**Task item:** Repeat the whole listing below precisely. Omit all pictures.

**Dataset excerpt:**
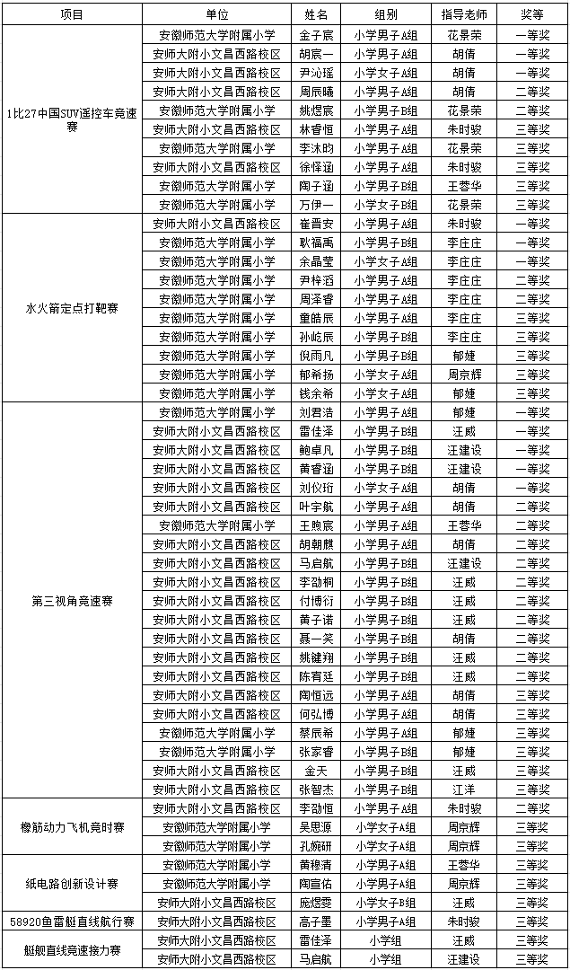 赛场上,附小学子沉着应战、团结协作,充分展现了优秀的科学素养、创新精神和实践能力。经过激烈角逐,两校区在1比27中国SUV遥控车竞速赛、水火箭定点打靶赛、第三视角竞速赛等多个项目中表现突出,共荣获一等奖11项、二等奖15项、三等奖24项,硕果累累!
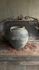 Deze oude Chinese kruik met oor heeft een robuuste uitstraling en past perfect in een sober of landelijk interieur. De verweerde afwerking maakt iedere kruik uniek.
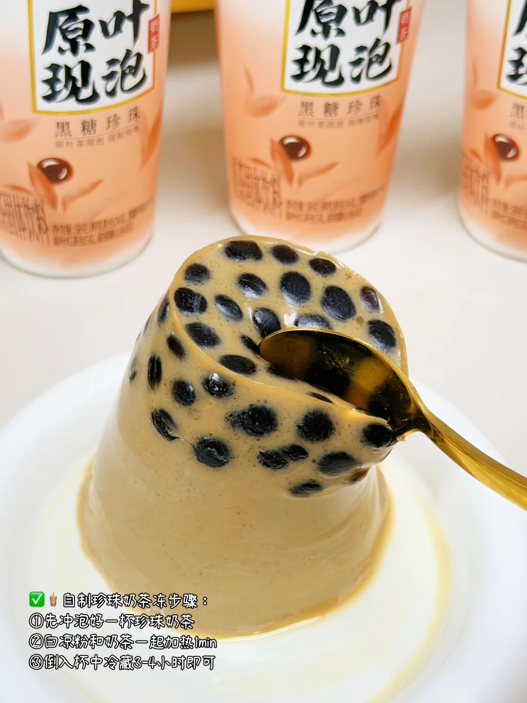 ✅最后给大家安利一个奶茶的隐藏吃法!可以和白凉粉一起冲泡,加热后再倒入杯子里面,放冰箱冷藏3-4小时后,就变成了一份可以嚼的黑糖珍珠奶茶冻!🤩一口下去原地封神!好好吃!做法很简单!大家快来学习一下吧!
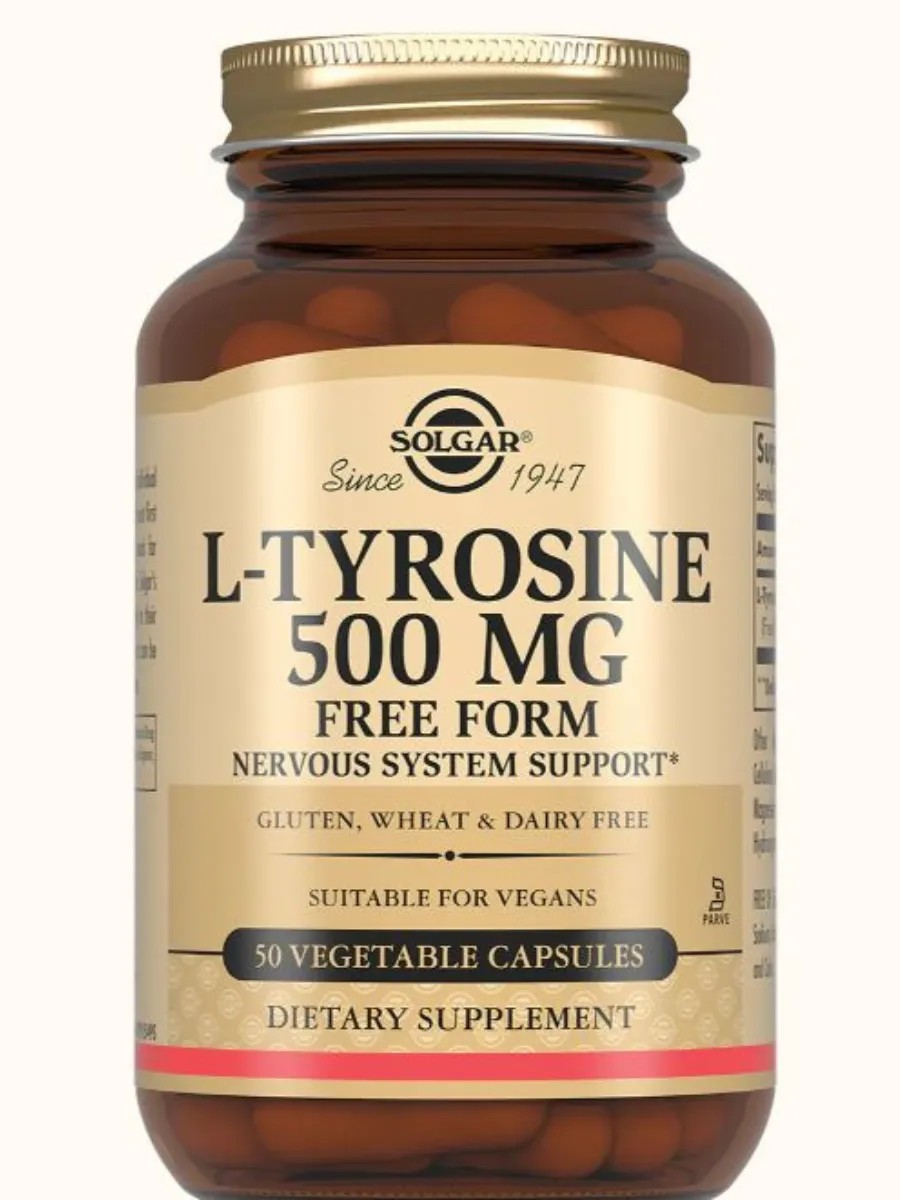 Solgar L-Tyrosine Capsules - the amino acid L-tyrosine for supporting thyroid function and improving cognitive function.

**Final answer:**
 赛场上,附小学子沉着应战、团结协作,充分展现了优秀的科学素养、创新精神和实践能力。经过激烈角逐,两校区在1比27中国SUV遥控车竞速赛、水火箭定点打靶赛、第三视角竞速赛等多个项目中表现突出,共荣获一等奖11项、二等奖15项、三等奖24项,硕果累累!
 Deze oude Chinese kruik met oor heeft een robuuste uitstraling en past perfect in een sober of landelijk interieur. De verweerde afwerking maakt iedere kruik uniek.
 ✅最后给大家安利一个奶茶的隐藏吃法!可以和白凉粉一起冲泡,加热后再倒入杯子里面,放冰箱冷藏3-4小时后,就变成了一份可以嚼的黑糖珍珠奶茶冻!🤩一口下去原地封神!好好吃!做法很简单!大家快来学习一下吧!
 Solgar L-Tyrosine Capsules - the amino acid L-tyrosine for supporting thyroid function and improving cognitive function.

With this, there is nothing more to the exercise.